Porsche has dialled back plans for its electric vehicle rollout due to weaker demand, pressure in key market China and higher US tariffs, causing the luxury sports car maker and its parent Volkswagen to slash their 2025 profit outlooks.
The move highlights the challenges for one of the most well-known car brands, which has been squeezed by its two most important markets — China and the US — over price declines and trade barriers.
Volkswagen, Europe's top carmaker, said it would take a €5.1bn hit from the far-reaching product overhaul, which delays some EV models in favour of hybrids and combustion engine cars, at its 75.4%-owned subsidiary.
The changes are a major shift for the Stuttgart-based maker of the iconic 911 model, and are expected to hit Porsche’s operating profit by up to €1.8bn this year, it said.
Slower e-vehicle market launch
“We are seeing massive changes within the automotive environment,” Oliver Blume, CEO of both Porsche and Volkswagen, told analysts and journalists in a joint call on Friday, citing a clear drop in demand for exclusive EVs.
“We have made key strategic decisions. Now it’s time to put them into action. It’s going to be a tough and long road, and it will demand our full focus and strong effort.”

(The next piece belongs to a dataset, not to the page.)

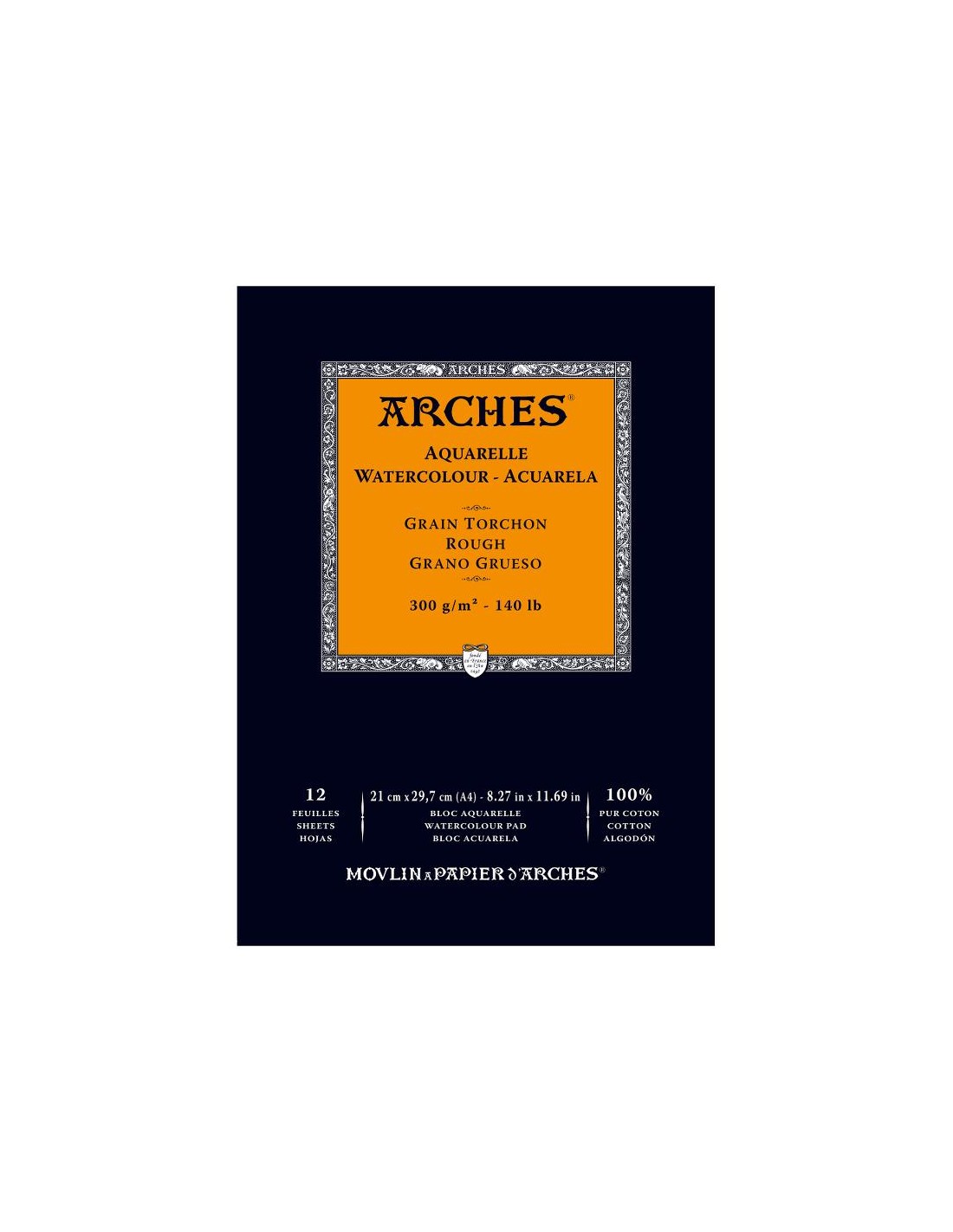 Blocco con 12 fogli da 300gr grana grossa colore bianco naturale collati sul lato corto, ideale per acquerello, così come per tutte le tecniche d'umido come inchiostro, guazzo e acrilico.

Porsche said it would delay the launch of certain all-electric vehicles, adding that the new SUV above the Cayenne model would initially not be offered as an all-electric vehicle, but with combustion-engine and hybrid models.
Current models such as the Panamera and the Cayenne will be available with combustion engines and plug-in hybrids well into the 2030s, said Blume.
“Nevertheless, the existing all-electric model range is being continuously updated. With the Taycan, Macan, Cayenne and the future two-door sports car in the 718 segment, there will be an attractive BEV offering,” he said.
Profit margin outlooks cut
Porsche slashed its 2025 profit margin outlook to a maximum of 2% from 5%-7% previously. It cut its midterm margin outlook to 15% at best from 15%-17%.
“These are not margins that one would expect to see in a luxury product, at least not in a successful one,” UBS analyst Patrick Hummel said during the call.
Porsche will extend the production period of currently available vehicle models with internal combustion engines (ICE) and hybrid drivetrains, including the Panamera, into the 2030s, Blume said.
He said he was counting on more flexibility in the EU regarding Brussels' target of 100% reduction of CO2 emissions for new cars and vans by 2035.
Holding firm Porsche SE, Volkswagen’s biggest shareholder, which also owns a 12.1% stake in Porsche AG, also cut its outlook for profit after tax, while Volkswagen cut its profit margin outlook to 2%-3% from 4%-5%.
Blume said a planned reduction of US vehicle import tariffs to 15% from currently 27.5% could still take weeks as talks between Brussels and Washington over the issue are ongoing.
Volkswagen is in discussions with the US administration over an investment package that Blume said could also cover Porsche, without being more specific.